FIGS. 8, 9, and 10 show plots of Log/Log(Viscosity)] v. Log [Temperature ° K] derived from the measured viscosities in Tables 4, 5, and 6, respectively, illustrating the effect of increasing concentrations of dimethyl sulfide in lowering the viscosity of the crude samples.

The measured viscosities and the plots show that dimethyl sulfide is effective for significantly lowering the viscosity of a crude oil over a wide range of initial crude oil viscosities.

Example 3

Incremental recovery of oil from a formation core using an oil recovery formulation consisting of dimethyl sulfide following oil recovery from the core by water-flooding was measured to evaluate the effectiveness of DMS as a tertiary oil recovery agent.

Two 5.02 cm long Berea sandstone cores with a core diameter of 3.78 cm and a permeability between 925 and 1325 mD were saturated with a brine having a composition as set forth in Table 7.

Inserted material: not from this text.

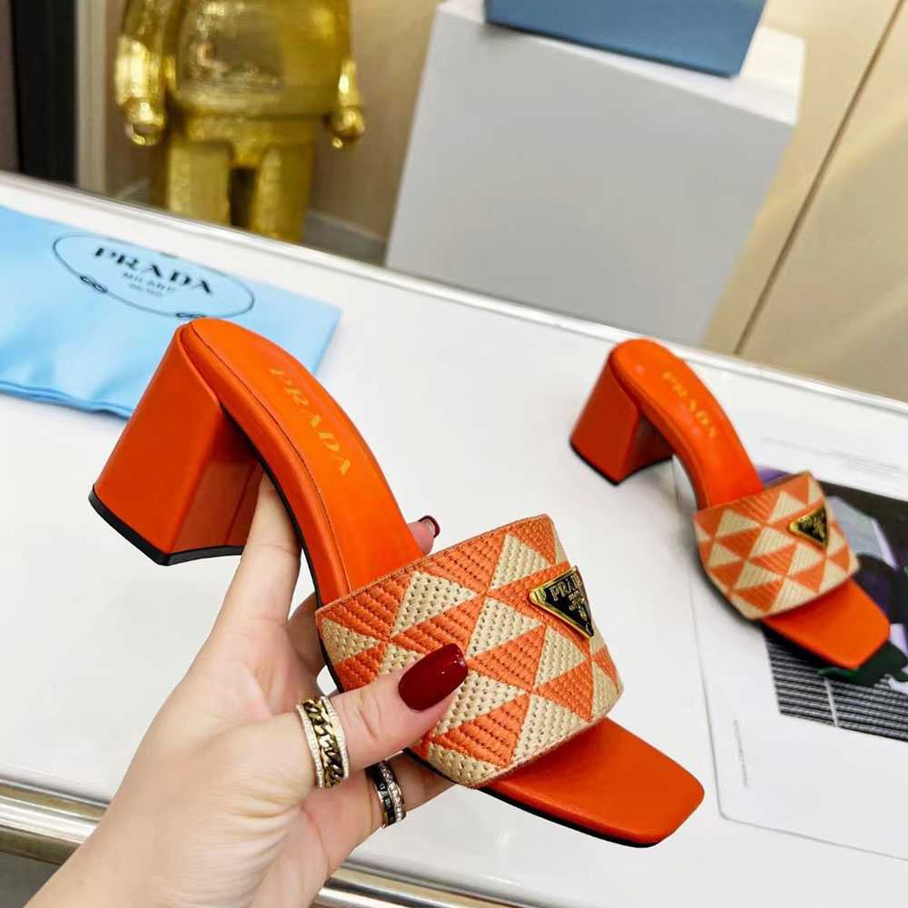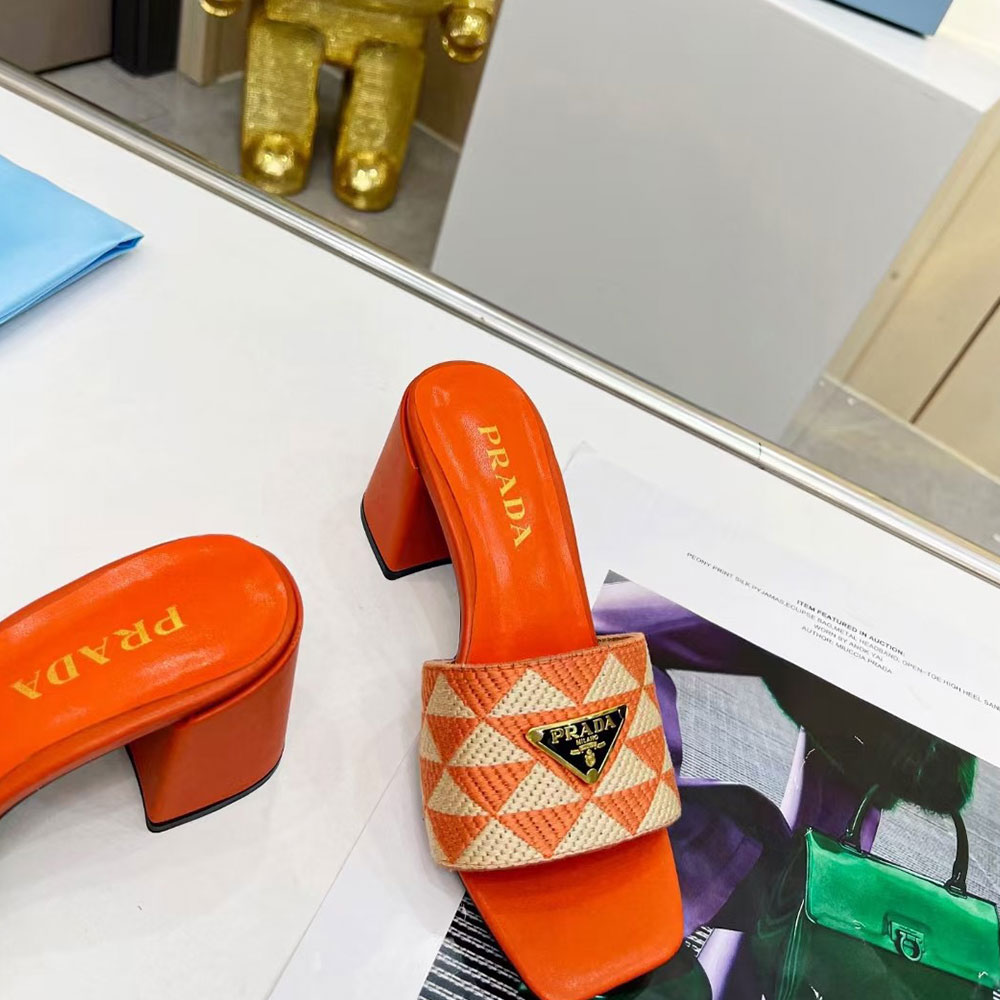Prada Fabric Chunky Heels Sandals Slide
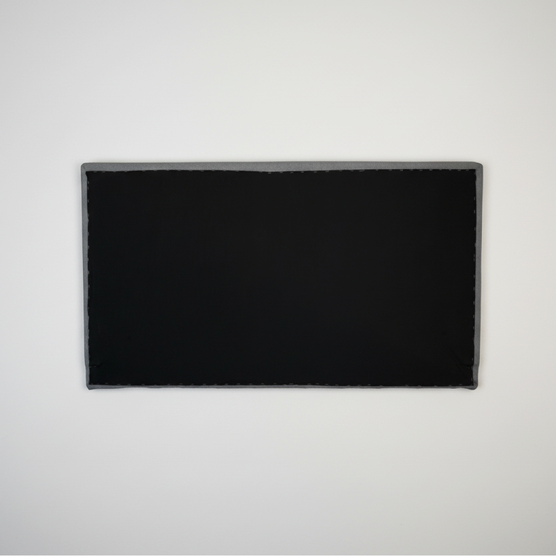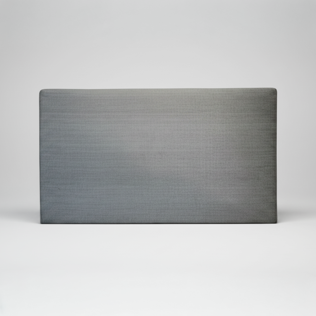 Cabeceira de cama com estrutura rígida e revestimento integral em tecido técnico de cor azul. Apresenta um design retangular de linhas simples e superfície lisa, ideal para fixação à parede ou acoplamento ao sommier. Por ser um artigo proveniente de hotelaria, pode apresentar algum pós de uso decorrente do armazenamento, mas o material limpa-se facilmente com produtos adequados para estofos.

TABLE 7 Brine Composition Chemical component CaCl2 MgCl2 KCl NaCl Na2SO4 NaHCO3 Concentration 0.386 0.523 1.478 28.311 0.072 0.181 (kppm)

After saturation of the cores with brine, the brine was displaced by a Middle Eastern Asphaltic crude oil having the characteristics as set forth above in Table 3 to saturate the cores with oil.

Oil was recovered from each oil saturated core by the addition of brine to the core under pressure and by subsequent addition of DMS to the core under pressure. Each core was treated as follows to determine the amount of oil recovered from the core by addition of brine followed by addition of DMS. Oil was initially displaced from the core by addition of brine to the core under pressure. A confining pressure of 1 MPa was applied to the core during addition of the brine, and the flow rate of brine to the core was set at 0.05 ml/min. The core was maintained at a temperature of 50° C. during displacement of oil from the core with brine. Oil was produced and collected from the core during the displacement of oil from the core with brine until no further oil production was observed (24 hours). After no further oil was displaced from the core by the brine, oil was displaced from the core by addition of DMS to the core under pressure. DMS was added to the core at a flow rate of 0.05 ml/min for a period of 32 hours for the first core and for a period of 15 hours for the second core. Oil displaced from the each core during the addition of DMS to the core was collected separately from the oil displaced by the addition of brine to the core.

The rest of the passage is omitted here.